A cube of side 'a' has point charges $+Q$ located at each of its vertices except at the origin where the charge is $-Q$. The electric field at the centre of cube is:

• A. $\frac{-Q}{3\sqrt{3}\pi {\epsilon }_0{a}^2}(\hat{x}+\hat{y}+\hat{z})$
• B. $\frac{-2Q}{3\sqrt{3}\pi {\epsilon }_0{a}^2}(\hat{x}+\hat{y}+\hat{z})$
• C. $\frac{2Q}{3\sqrt{3}\pi {\epsilon }_0{a}^2}(\hat{x}+\hat{y}+\hat{z})$
• D. $\frac{Q}{3\sqrt{3}\pi {\epsilon }_0{a}^2}(\hat{x}+\hat{y}+\hat{z})$

Answer 1

Answer: (B)

We can replace $-Q$ charge at origin by $+Q$ and $-2Q.$
Now due to $+Q$ charge at every corner of cube.
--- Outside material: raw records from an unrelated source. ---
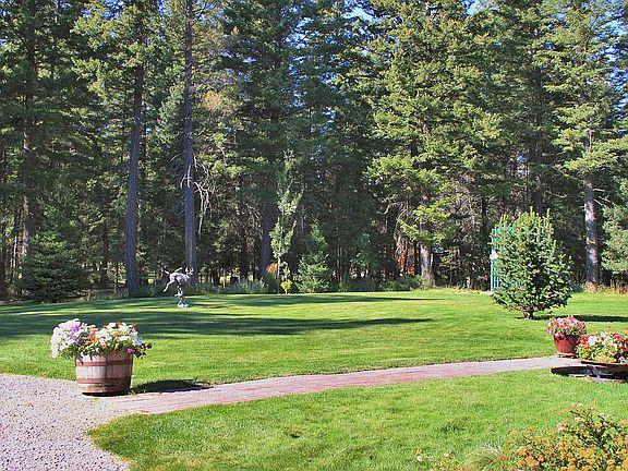 Beautiful ranch style home with master bedroom/bath suite, large living room, parlor, kitchen, dining room, laundry room and 1/2 bath on main floor with deck outside of master bedroom and dining room. Loft above living room is comfortable carpeted with window view out front and rear of home. Living room and parlor have wood floors, bedroom is carpeted and kitchen, dining room and laundry are slate tile. Ceilings are vaulted in master bedroom, dining/kitchen and living room. The entire lower level is carpeted and nicely designed with 10' ceilings, adding to its spacious open warmth. Each if the 648 sq. ft. bedrooms has a walk-in closet containing built-in dresser, shelves and wardrobe hangers. Each bedroom also includes built-in desk and drawers and french doors leading to the aggregate patio with lovely views of forest in back of the home. Family/media room in lower level is wired for speakers. A freestanding propane stove provides extra heat and large windows offer forest views. A convenience bar with refrigerator, ice maker, wine rack and cupboard space is located across from a full bathroom with shower/tub. The utility closed is conveniently located in the hall containing double water heaters and Water Furnace Heat Pump. The entire home is very well insulated, providing welcome energy savings in winter. A 1,000 gallon, underground propane tank is located next to the home and usually only needs to be refilled once a year. The large 3-car garage is also insulated and heated with radiant heat. Two large stationary windows are located on each side of the garage providing welcome light throughout the year. The covered horse shelter and attached hay storage are located in the back of the house. The storage area has a concrete floor, sliding doors front and rear and skylights overhead to allow extra light inside all year. Shelving is provided along one side of the indoor facility overhead. Water and electricity are included.
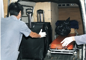 仵工將裝有碎尸殘軀的膠袋及旅行箱搬離現(xiàn)場。(圖片來源:澳門日報)
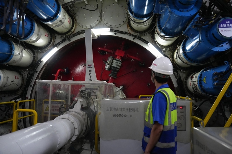 9月22日,中鐵十四局技術(shù)人員在甬舟鐵路金塘海底隧道“甬舟號(hào)”盾構(gòu)機(jī)內(nèi)關(guān)注設(shè)備運(yùn)行情況。
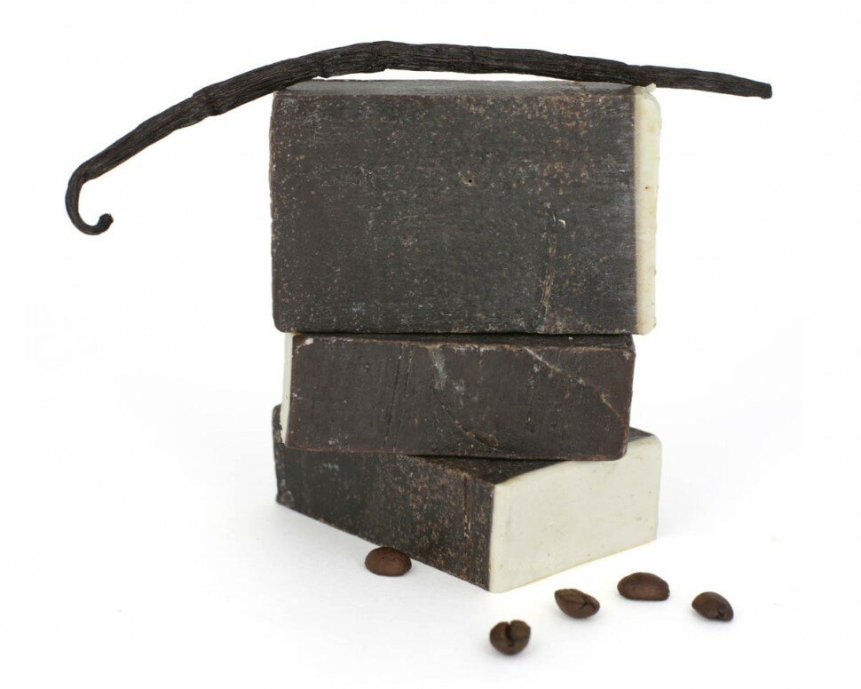 | Состав | натриевые соли масел (оливковое, пальмовое, нераф. какао, касторовое), ванилин, кофе молотый, лактат натрия. |
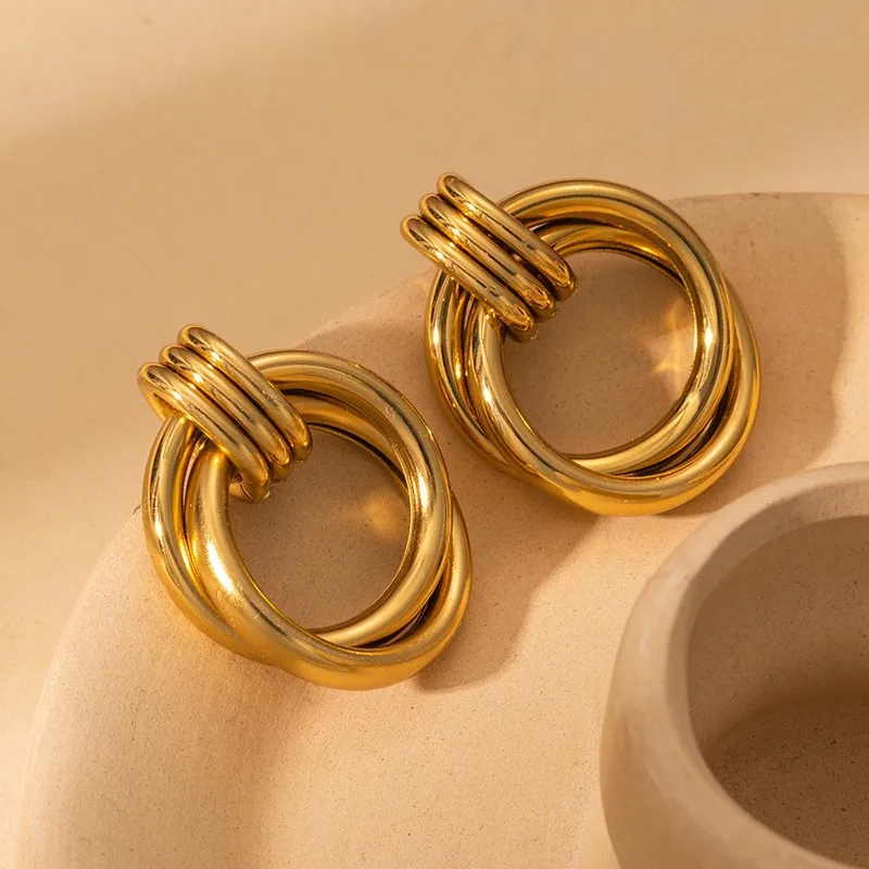 Geometric Plating Titanium Steel Ear Studs

Electric field at center of cube is zero so now net electric field at center is only due to $-2Q$ charge at origin.
$\vec{E}=\frac{kq\vec{r}}{r^3}=\frac{1(-2Q)\frac{a}{2}(\hat{x}+\hat{y}+\hat{z})}{4\pi {\epsilon }_0{\left(\frac{a}{2}\sqrt{3}\right)}^3}$
$\vec{E}=\frac{-2Q(\hat{x}+\hat{y}+\hat{z})}{3\sqrt{3}\pi a^2{\epsilon }_0}$